** THE DATA follows **

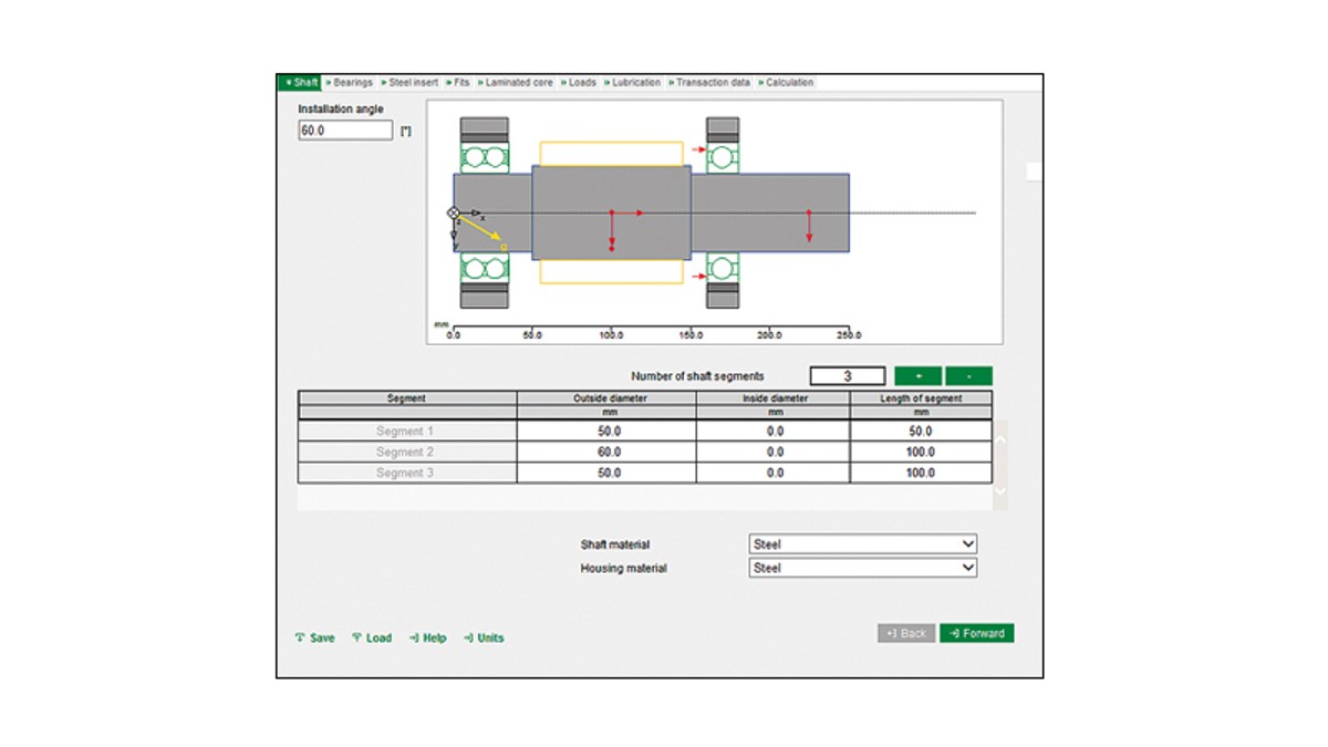 Programın kullanıcı dostu arayüzü hesaplama sürecinin her adımında size yol gösterir ve girdiğiniz veriler kontrol amaçlı görselleştirmeler halinde gösterilir. Makinenin temelini oluşturan yataklar birbirinden farklı varyasyonlarla hesaplanabilir, INA ve FAG makaralı rulmanların verileri tümleşik bir veritabanından kolayca yüklenebilir. Girilen tüm veriler yerel olarak kaydedilebilir. Ayrıca, detaylı sonuçlar ve tüm giriş verileri bir PDF dosyasında belgelendirilir.
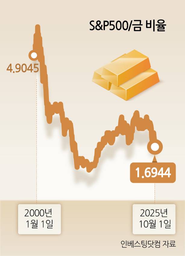 상승세의 무게중심이 점차 금으로 옮겨가고 있다는 평가가 나온다. 10일 금융투자업계에 따르면 S&P500/금 비율은 이날 기준 약 1.69배로 연초 대비 약 21% 하락했다. 2020년 3월 이후 약 5년 반 만의 최저치다. 이 비율은 S&P500 지수를 금 1온스당 가격(달러 기준) 으로 나눈 값으로, 주식의 상대적 구매력을 보여주는 지표다. 수치가 낮을수록 주식보다 금의 가치가 높다는 의미다.
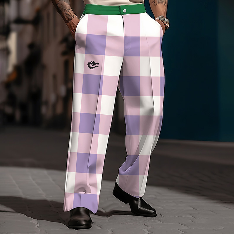 Men's Plaid Crocodile Grid Pattern Trousers Dress Pants Suit Pants Mid Waist Casual Dailywear Holiday Streetwear Relaxed Fit Flat Front Dress Pants with Side Pockets Spring Fall 3D Print Purple Orange
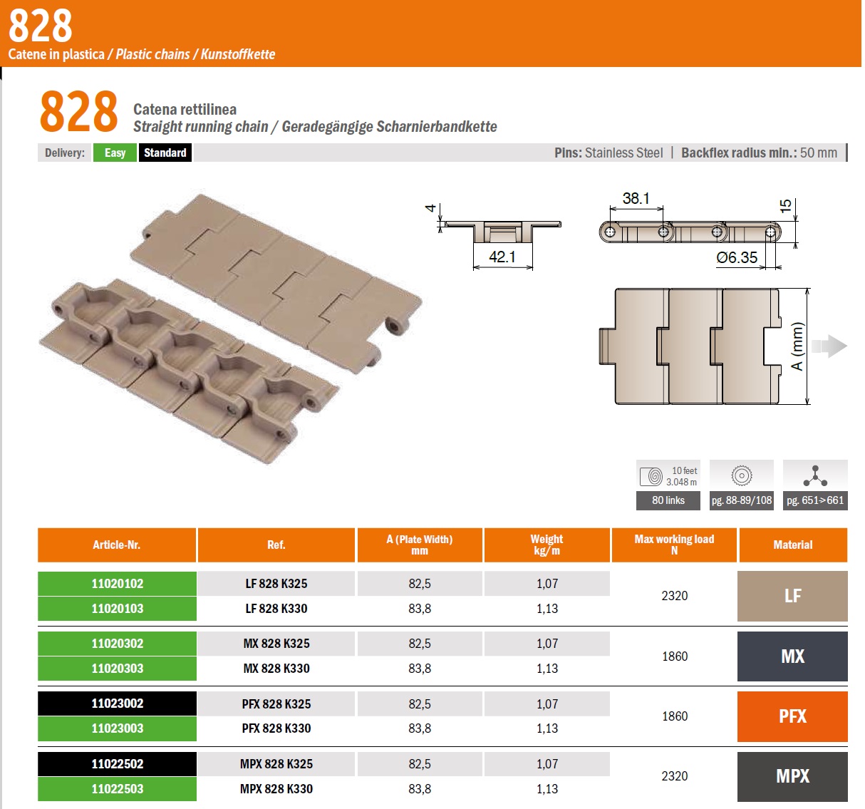 Прямоходная пластиковая цепь 828 поставляется в рулоне намоткой 3.048 метра. В зависимости от модификации ширина ленты 82.5мм или 83.8мм (подробнее в характеристиках). Уменьшен зазор между звеньями, а контактная поверхность увеличилась

** End of THE DATA **

TASK GOAL
Once the line containing "상승세의 무게중심이 점차" is found, write it out exactly along with every line after it through the end of the listing, excluding pictures.

TASK OUTPUT
 상승세의 무게중심이 점차 금으로 옮겨가고 있다는 평가가 나온다. 10일 금융투자업계에 따르면 S&P500/금 비율은 이날 기준 약 1.69배로 연초 대비 약 21% 하락했다. 2020년 3월 이후 약 5년 반 만의 최저치다. 이 비율은 S&P500 지수를 금 1온스당 가격(달러 기준) 으로 나눈 값으로, 주식의 상대적 구매력을 보여주는 지표다. 수치가 낮을수록 주식보다 금의 가치가 높다는 의미다.
 Men's Plaid Crocodile Grid Pattern Trousers Dress Pants Suit Pants Mid Waist Casual Dailywear Holiday Streetwear Relaxed Fit Flat Front Dress Pants with Side Pockets Spring Fall 3D Print Purple Orange
 Прямоходная пластиковая цепь 828 поставляется в рулоне намоткой 3.048 метра. В зависимости от модификации ширина ленты 82.5мм или 83.8мм (подробнее в характеристиках). Уменьшен зазор между звеньями, а контактная поверхность увеличилась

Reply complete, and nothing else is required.